◆ **Dataset section**:
=-=-=-=-=

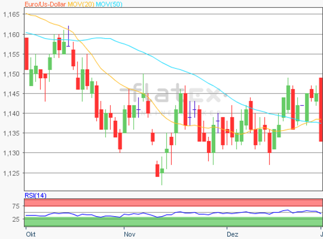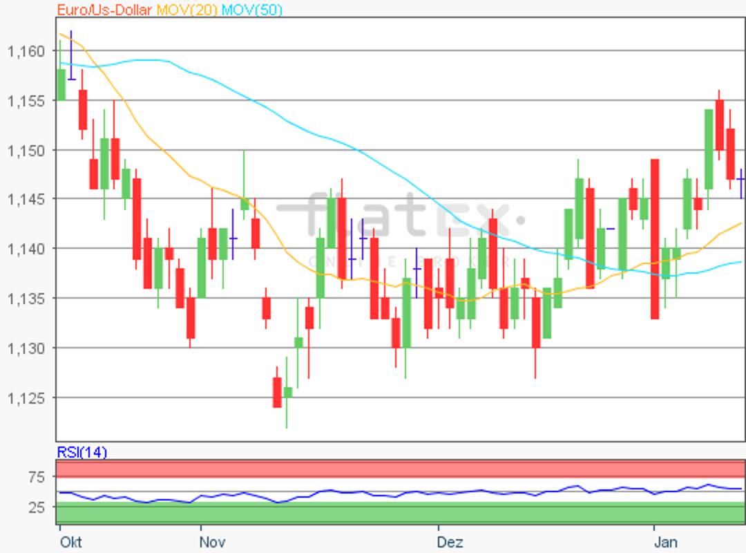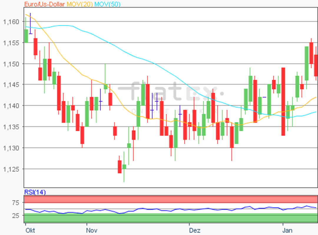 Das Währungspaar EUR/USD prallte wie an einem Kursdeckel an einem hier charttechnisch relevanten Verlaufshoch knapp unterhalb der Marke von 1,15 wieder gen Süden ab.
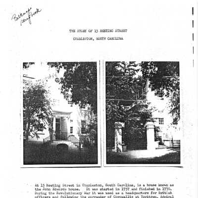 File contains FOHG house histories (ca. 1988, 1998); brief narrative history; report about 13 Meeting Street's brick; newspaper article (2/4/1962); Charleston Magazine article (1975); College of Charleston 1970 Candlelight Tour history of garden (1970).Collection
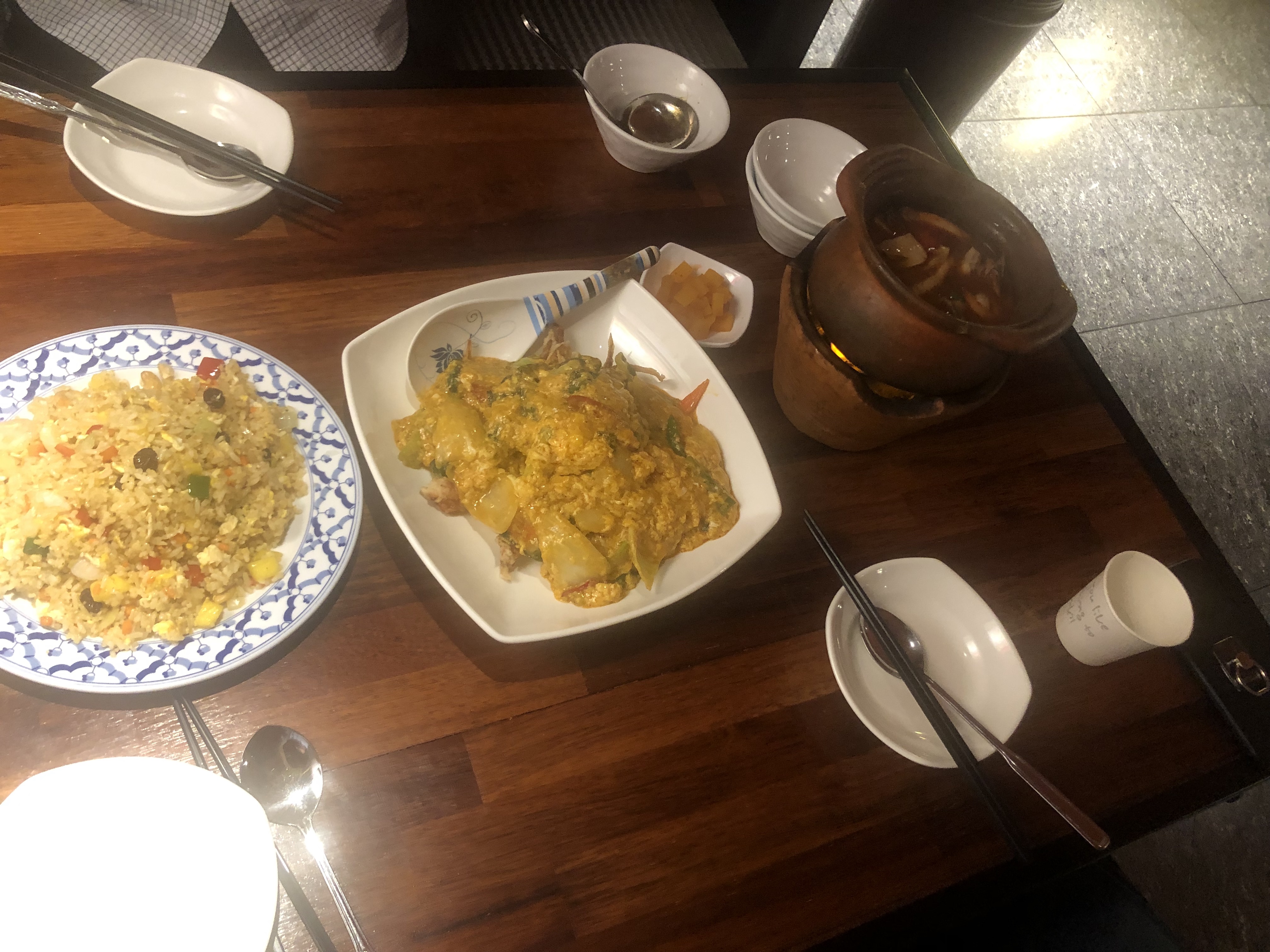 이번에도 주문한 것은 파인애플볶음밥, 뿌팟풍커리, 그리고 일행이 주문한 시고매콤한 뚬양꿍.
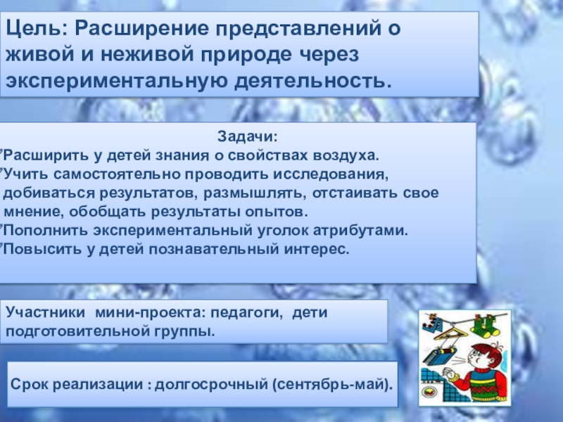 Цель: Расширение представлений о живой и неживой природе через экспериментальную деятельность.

=-=-=-=-=

◆ **What you are asked to do**:
Once the line containing "File contains FOHG" is found, write it out exactly along with every line after it through the end of the listing, excluding pictures.

◆ **Answer for the task**:
 File contains FOHG house histories (ca. 1988, 1998); brief narrative history; report about 13 Meeting Street's brick; newspaper article (2/4/1962); Charleston Magazine article (1975); College of Charleston 1970 Candlelight Tour history of garden (1970).Collection
 이번에도 주문한 것은 파인애플볶음밥, 뿌팟풍커리, 그리고 일행이 주문한 시고매콤한 뚬양꿍.
 Цель: Расширение представлений о живой и неживой природе через экспериментальную деятельность.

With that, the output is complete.